Granulosa cells from preantral follicles were cultured as described previously [11]. Briefly, preantral granulosa cell-oocyte complexes were isolated from 12-day-old mice by collagenase digestion [18] and then cultured following removal of the oocyte (oocytectomy), in 48-well tissue culture dishes (Corning Inc., Corning, NY) for 48 h. Approximately 250 oocytectomized preantral granulosa cell-oocyte complexes were cultured in 150 µl Waymouth (MB752/1) culture medium supplemented with 0.23 mM pyruvic acid, 50 mg/L streptomycin sulfate, 75 mg/L penicillin G (Sigma Chemical Co., St. Louis, MO), 3 mg/ml BSA (ICN Biochemicals, Aurora, OH), and ITS (insulin: 5 µg/ml; transferrin 5 µg/ml; selenium 5 ng/ml; Collaborative Research, Inc., Bedford, MA). Either denuded oocytes or rGDF-9 were added to the 150-µl drops at the same time as the target granulosa cells.

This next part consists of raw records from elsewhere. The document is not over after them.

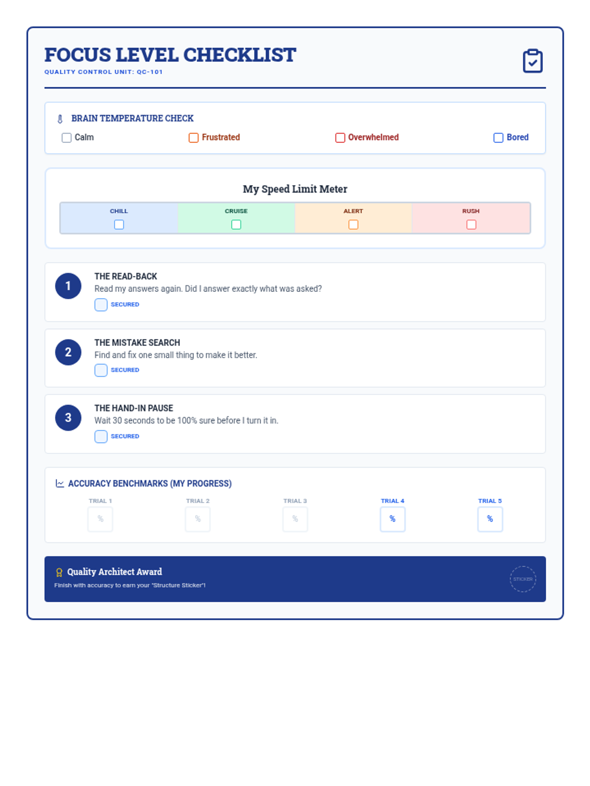 A daily self-monitoring checklist for the student to manage work speed, perform quality checks, and monitor emotional focus levels.
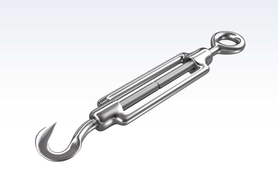 Wirestrammer med øje i den ene ende og krog i den anden. Anvendes til opstramning af wirekabler, reb og lignende ved at dreje på gevindene. Leveres løse i poser à 5 stk.
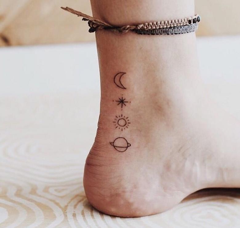 惑星のタトゥーは世界共通です。男女を問わず同じ意味を持つ。愛と美のシンボルである金星のタトゥーは、女の子の間で最もよく見られます。このようなボディイメージは、女性の穏やかな性格、知恵、内なる調和を反映しています。腕、肩、手首、足首に使われるデザインです。
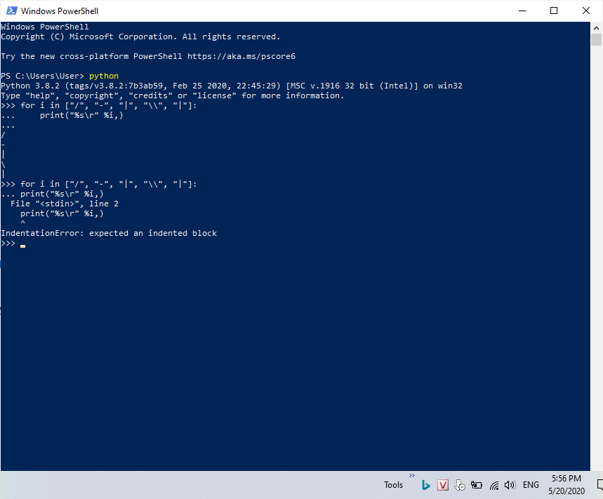 for i in ["/", "-", "|", "\\", "|"]:

Granulosa cells of a more highly differentiated phenotype from antral follicles were also cultured as described previously [10, 19]. In this culture system, granulosa cells were isolated from the antral follicles of 20-day-old mice and cultured in a total volume of 150 µl M199 culture medium plus BSA using 48-well tissue culture dishes. Cells were treated with recombinant human follicle stimulating hormone (FSH; 0.025 IU/ml; Organon, Oss, Netherlands) and testosterone (1 ng/ml; Sigma). This treatment has previously been shown to result in high levels of KL and LH receptor mRNA expression, both markers of a mural granulosa cell phenotype, after 48 h of culture [10, 11].

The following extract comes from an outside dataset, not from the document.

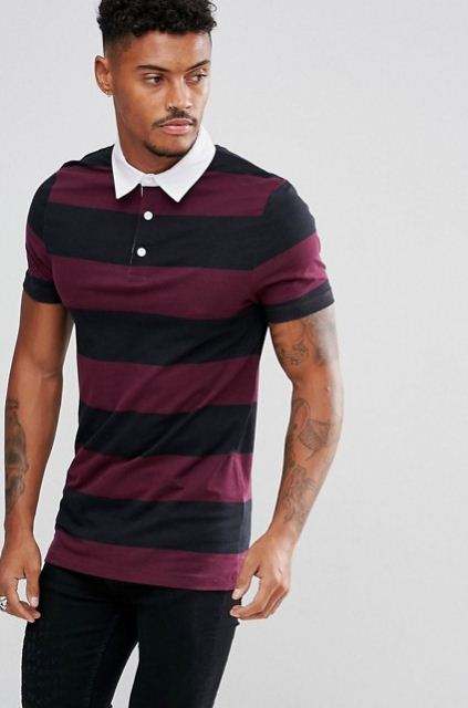 T-shirt homme anti-rides en sergé teint en fil 100 % coton, motif rayé, col montant, coupe droite, manches courtes, style décontracté chic
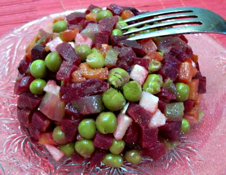 солёные огурцы – 25 г, свёкла – 50 г, яблоки – 30 г, морковь – 25 г, консервированный зелёный горошек – 20 г, масло растительное – 8 г, сок лимона, перец, соль.

Recombinant GDF-9: Preparation and Use

Mouse rGDF-9 conditioned medium was prepared as described previously [15]. Briefly, a full-length mouse rGDF-9 cDNA was cloned into the expression plasmid pHTop containing the cleavage enzyme PACE before transfection into Chinese hamster ovary (CHO) cells under standard conditions. Cells expressing rGDF-9 were selected in 0.02 µM methotrexate before clonal expansion in 0.05 µM methotrexate. Once CHO cells had reached confluency, the cells were washed twice with PBS and incubated with Opti-MEM (Gibco BRL, Gaithersburg, MD) containing 1 mg/ml heparin (Sigma) for 48 h. Following collection of the conditioned media, the concentration of mouse rGDF-9 was estimated as previously described [15]. For experiments examining the effect of rGDF-9, appropriate volumes of rGDF-9 conditioned medium were added to cultures, replacing an identical volume of Waymouth/M199 culture medium. Control conditioned medium (CCM) was produced using CHO cells transfected with pHTop-PACE expression vector alone (no GDF-9). The CCM was included in treatment groups that received less or no rGDF-9 conditioned medium, so that treatment groups contained equal volumes of conditioned medium.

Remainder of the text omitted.